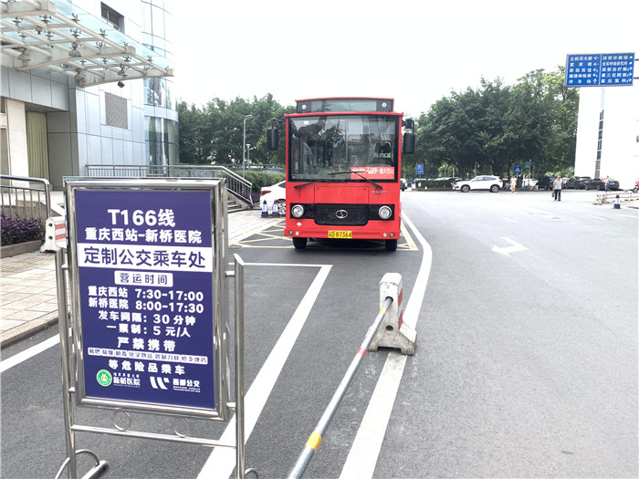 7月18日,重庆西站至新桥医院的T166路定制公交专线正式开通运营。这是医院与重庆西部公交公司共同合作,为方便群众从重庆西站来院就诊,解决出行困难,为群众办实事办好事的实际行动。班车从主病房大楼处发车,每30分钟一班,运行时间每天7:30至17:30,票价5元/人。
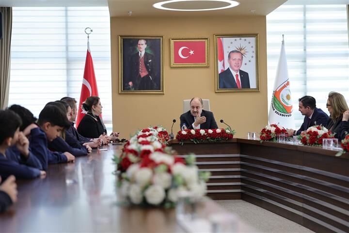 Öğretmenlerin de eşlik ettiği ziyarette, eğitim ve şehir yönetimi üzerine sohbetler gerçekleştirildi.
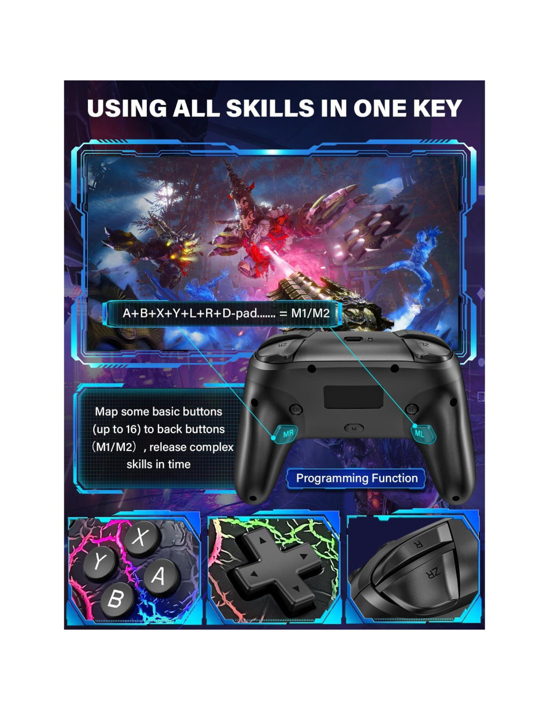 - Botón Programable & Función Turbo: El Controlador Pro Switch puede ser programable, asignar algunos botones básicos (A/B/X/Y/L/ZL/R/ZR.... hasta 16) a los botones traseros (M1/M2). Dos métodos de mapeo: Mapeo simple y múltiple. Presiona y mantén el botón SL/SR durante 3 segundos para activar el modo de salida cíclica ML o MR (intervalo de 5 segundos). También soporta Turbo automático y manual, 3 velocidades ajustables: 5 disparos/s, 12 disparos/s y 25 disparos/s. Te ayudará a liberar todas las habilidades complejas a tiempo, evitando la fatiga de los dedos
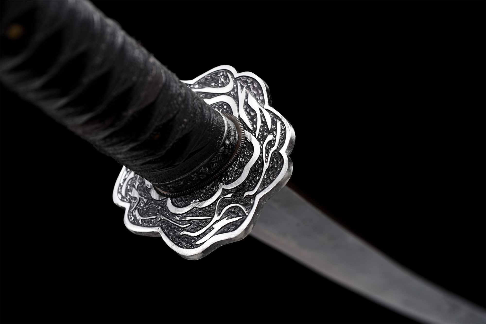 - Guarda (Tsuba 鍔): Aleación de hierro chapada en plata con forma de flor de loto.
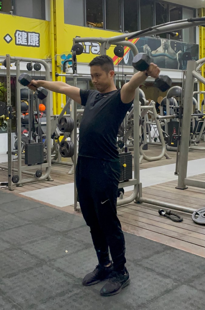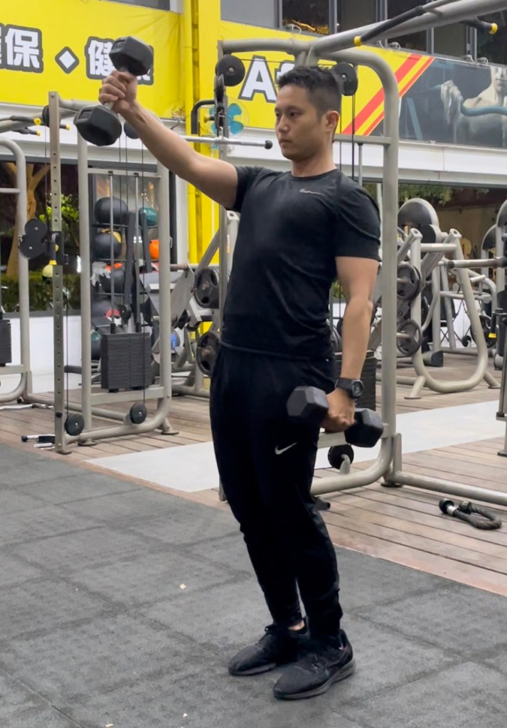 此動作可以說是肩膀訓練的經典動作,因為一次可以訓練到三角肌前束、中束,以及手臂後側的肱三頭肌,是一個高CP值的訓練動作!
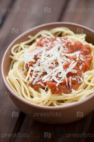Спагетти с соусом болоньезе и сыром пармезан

# # # #

*Problem*
Restate exactly, please, only the lines between the start of the data and the line containing "- Botón Programable", both ends included, skipping the pictures.

*Task result*
 7月18日,重庆西站至新桥医院的T166路定制公交专线正式开通运营。这是医院与重庆西部公交公司共同合作,为方便群众从重庆西站来院就诊,解决出行困难,为群众办实事办好事的实际行动。班车从主病房大楼处发车,每30分钟一班,运行时间每天7:30至17:30,票价5元/人。
 Öğretmenlerin de eşlik ettiği ziyarette, eğitim ve şehir yönetimi üzerine sohbetler gerçekleştirildi.
 - Botón Programable & Función Turbo: El Controlador Pro Switch puede ser programable, asignar algunos botones básicos (A/B/X/Y/L/ZL/R/ZR.... hasta 16) a los botones traseros (M1/M2). Dos métodos de mapeo: Mapeo simple y múltiple. Presiona y mantén el botón SL/SR durante 3 segundos para activar el modo de salida cíclica ML o MR (intervalo de 5 segundos). También soporta Turbo automático y manual, 3 velocidades ajustables: 5 disparos/s, 12 disparos/s y 25 disparos/s. Te ayudará a liberar todas las habilidades complejas a tiempo, evitando la fatiga de los dedos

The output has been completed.